Once you find the line below that has "Разноцветный пляжный зонтик", output it and every line after it exactly, stopping after the line that has "通达信数据显示,截至本周五(11月7日)", with no pictures.

START INFORMATION

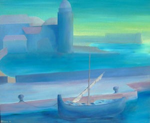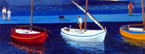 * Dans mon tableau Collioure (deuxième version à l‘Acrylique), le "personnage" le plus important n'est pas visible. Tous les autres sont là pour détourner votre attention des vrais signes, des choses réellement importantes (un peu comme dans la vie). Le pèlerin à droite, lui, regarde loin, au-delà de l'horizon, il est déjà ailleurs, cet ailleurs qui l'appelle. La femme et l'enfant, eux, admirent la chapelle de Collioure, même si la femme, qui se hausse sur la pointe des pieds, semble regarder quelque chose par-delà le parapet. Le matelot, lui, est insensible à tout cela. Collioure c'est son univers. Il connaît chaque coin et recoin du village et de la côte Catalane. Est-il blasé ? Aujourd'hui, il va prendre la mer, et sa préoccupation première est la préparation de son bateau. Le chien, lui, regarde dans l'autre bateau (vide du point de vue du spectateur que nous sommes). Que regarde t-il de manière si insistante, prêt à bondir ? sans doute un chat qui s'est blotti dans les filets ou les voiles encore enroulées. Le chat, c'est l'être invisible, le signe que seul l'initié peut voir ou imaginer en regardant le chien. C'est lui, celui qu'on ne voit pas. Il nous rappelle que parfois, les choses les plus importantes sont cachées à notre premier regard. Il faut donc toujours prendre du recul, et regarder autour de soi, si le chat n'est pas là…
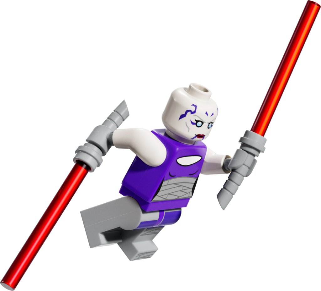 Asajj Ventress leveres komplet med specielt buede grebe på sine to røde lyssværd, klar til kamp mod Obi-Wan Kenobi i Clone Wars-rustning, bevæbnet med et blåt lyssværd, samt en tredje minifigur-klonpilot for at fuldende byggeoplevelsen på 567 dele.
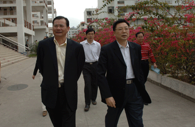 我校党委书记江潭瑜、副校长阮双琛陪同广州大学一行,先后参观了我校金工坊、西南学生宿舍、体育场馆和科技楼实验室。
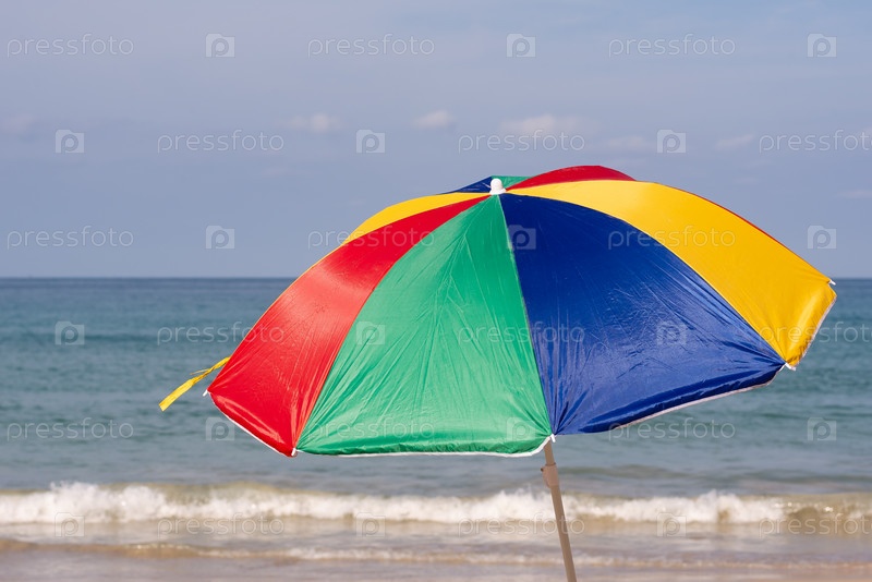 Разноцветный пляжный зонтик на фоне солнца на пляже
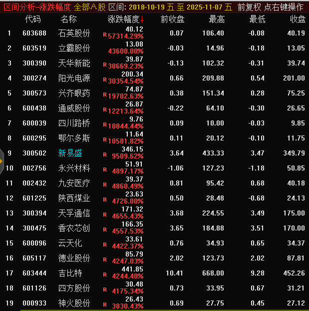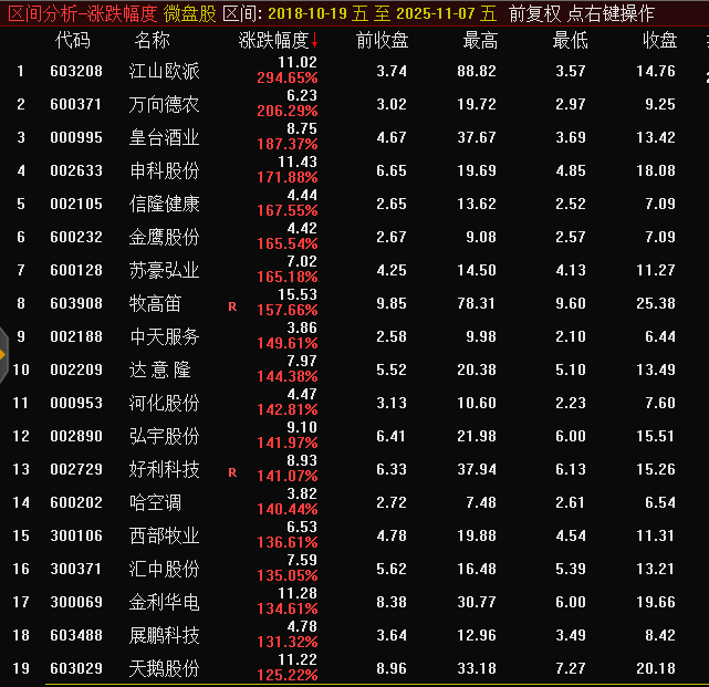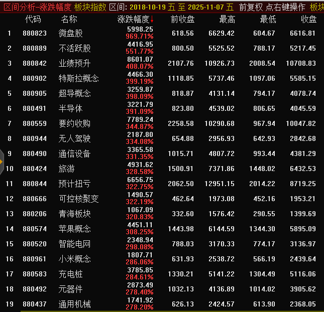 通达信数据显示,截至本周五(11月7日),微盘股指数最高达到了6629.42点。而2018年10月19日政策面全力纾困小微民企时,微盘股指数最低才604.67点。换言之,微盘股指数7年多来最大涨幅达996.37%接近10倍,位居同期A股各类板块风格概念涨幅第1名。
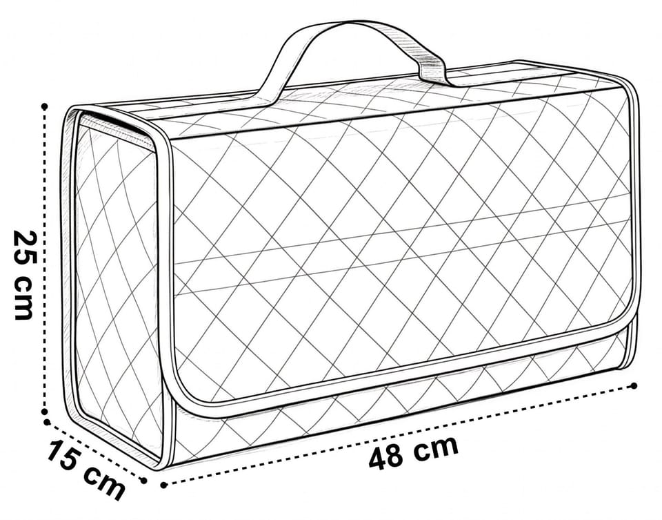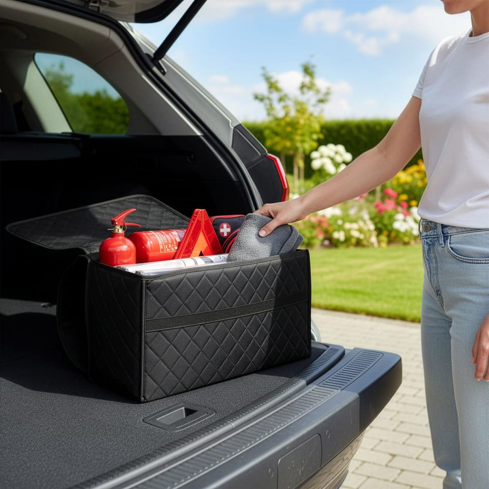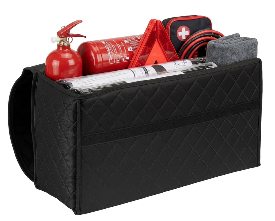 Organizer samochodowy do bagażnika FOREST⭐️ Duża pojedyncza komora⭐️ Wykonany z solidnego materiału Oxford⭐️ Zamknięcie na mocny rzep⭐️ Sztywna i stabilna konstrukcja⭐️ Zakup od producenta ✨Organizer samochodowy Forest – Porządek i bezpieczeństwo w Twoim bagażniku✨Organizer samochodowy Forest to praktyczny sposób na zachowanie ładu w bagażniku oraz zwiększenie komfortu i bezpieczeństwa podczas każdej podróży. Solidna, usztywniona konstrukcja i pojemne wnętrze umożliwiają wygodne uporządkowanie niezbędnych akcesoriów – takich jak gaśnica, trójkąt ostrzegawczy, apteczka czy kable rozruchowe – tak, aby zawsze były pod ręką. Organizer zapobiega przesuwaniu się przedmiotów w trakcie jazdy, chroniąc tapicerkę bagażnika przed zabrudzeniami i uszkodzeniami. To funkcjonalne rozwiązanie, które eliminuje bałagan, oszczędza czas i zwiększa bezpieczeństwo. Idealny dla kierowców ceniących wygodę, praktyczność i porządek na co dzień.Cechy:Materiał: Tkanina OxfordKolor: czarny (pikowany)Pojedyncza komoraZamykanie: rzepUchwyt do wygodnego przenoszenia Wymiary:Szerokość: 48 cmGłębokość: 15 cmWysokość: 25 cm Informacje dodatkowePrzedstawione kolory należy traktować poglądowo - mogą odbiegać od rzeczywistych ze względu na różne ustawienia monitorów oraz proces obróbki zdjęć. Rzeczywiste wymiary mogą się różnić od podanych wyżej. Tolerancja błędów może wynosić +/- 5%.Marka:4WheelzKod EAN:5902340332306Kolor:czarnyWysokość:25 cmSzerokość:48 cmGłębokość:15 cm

END INFORMATION
START INFORMATION

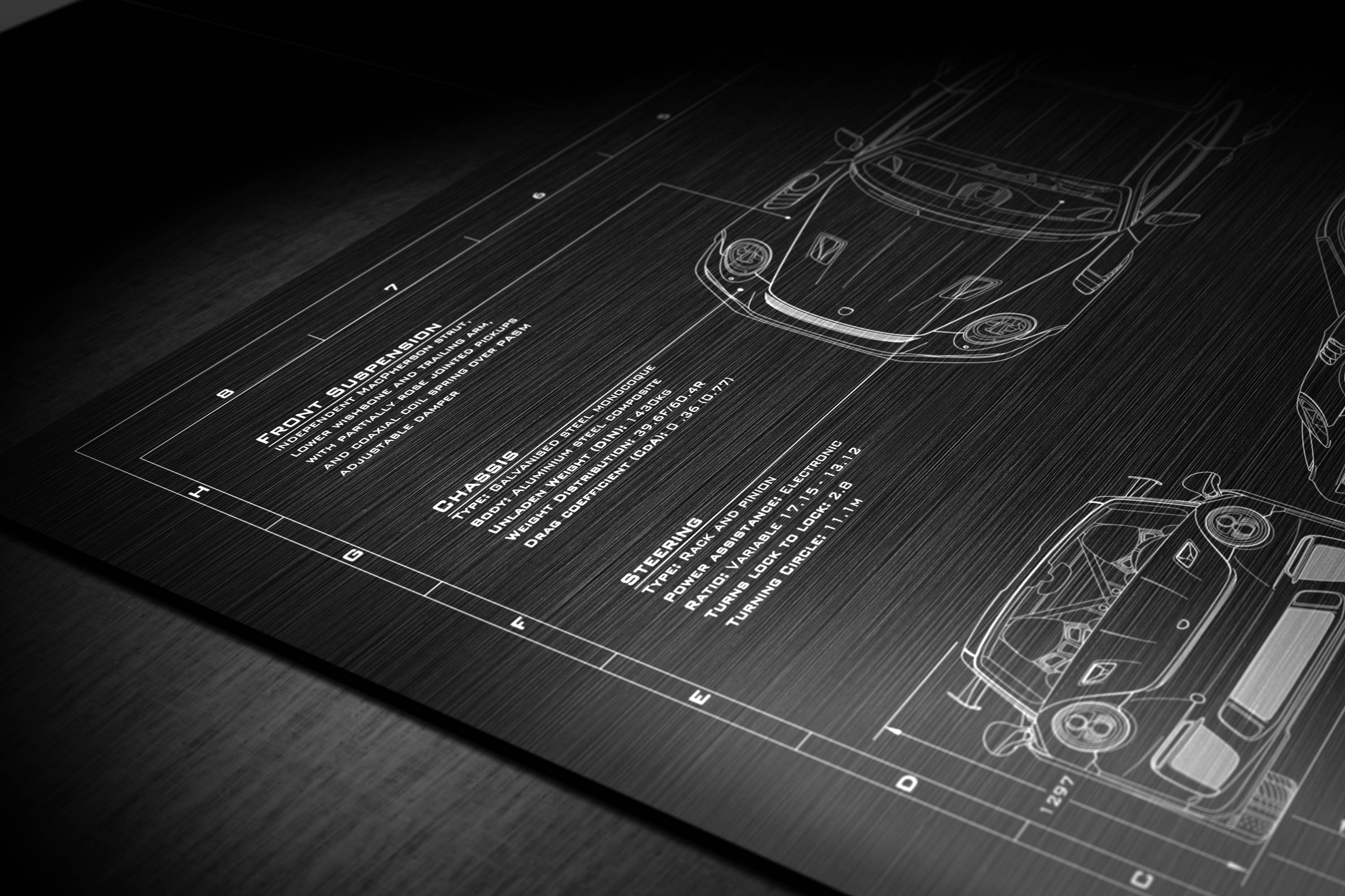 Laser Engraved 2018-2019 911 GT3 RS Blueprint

END INFORMATION

* _SOLUTION TO THIS EXERCISE_:
 Разноцветный пляжный зонтик на фоне солнца на пляже
 通达信数据显示,截至本周五(11月7日),微盘股指数最高达到了6629.42点。而2018年10月19日政策面全力纾困小微民企时,微盘股指数最低才604.67点。换言之,微盘股指数7年多来最大涨幅达996.37%接近10倍,位居同期A股各类板块风格概念涨幅第1名。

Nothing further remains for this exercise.